[DIRECTIONS]: For the entries below, print exactly the lines between the line holding "Obrazek Srebrny Anioł" and the line holding "On November 14, 2024, the", inclusive, and nothing else.

[EXERCISE MATERIALS]:

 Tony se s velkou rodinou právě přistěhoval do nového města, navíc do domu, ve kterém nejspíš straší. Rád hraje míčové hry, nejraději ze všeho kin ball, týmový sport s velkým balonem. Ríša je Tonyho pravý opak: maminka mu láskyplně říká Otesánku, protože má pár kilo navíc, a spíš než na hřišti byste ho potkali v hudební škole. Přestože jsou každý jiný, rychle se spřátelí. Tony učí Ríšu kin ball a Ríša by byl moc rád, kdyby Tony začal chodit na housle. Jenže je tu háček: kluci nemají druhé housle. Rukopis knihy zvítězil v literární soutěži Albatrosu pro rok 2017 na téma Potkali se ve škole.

--

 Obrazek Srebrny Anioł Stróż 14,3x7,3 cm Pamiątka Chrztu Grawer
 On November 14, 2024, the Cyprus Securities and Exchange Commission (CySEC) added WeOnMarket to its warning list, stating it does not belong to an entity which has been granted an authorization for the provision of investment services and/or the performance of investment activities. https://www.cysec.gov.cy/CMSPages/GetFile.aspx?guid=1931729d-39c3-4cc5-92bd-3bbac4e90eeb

[SOLUTION TO THIS PROBLEM]:
 Obrazek Srebrny Anioł Stróż 14,3x7,3 cm Pamiątka Chrztu Grawer
 On November 14, 2024, the Cyprus Securities and Exchange Commission (CySEC) added WeOnMarket to its warning list, stating it does not belong to an entity which has been granted an authorization for the provision of investment services and/or the performance of investment activities. https://www.cysec.gov.cy/CMSPages/GetFile.aspx?guid=1931729d-39c3-4cc5-92bd-3bbac4e90eeb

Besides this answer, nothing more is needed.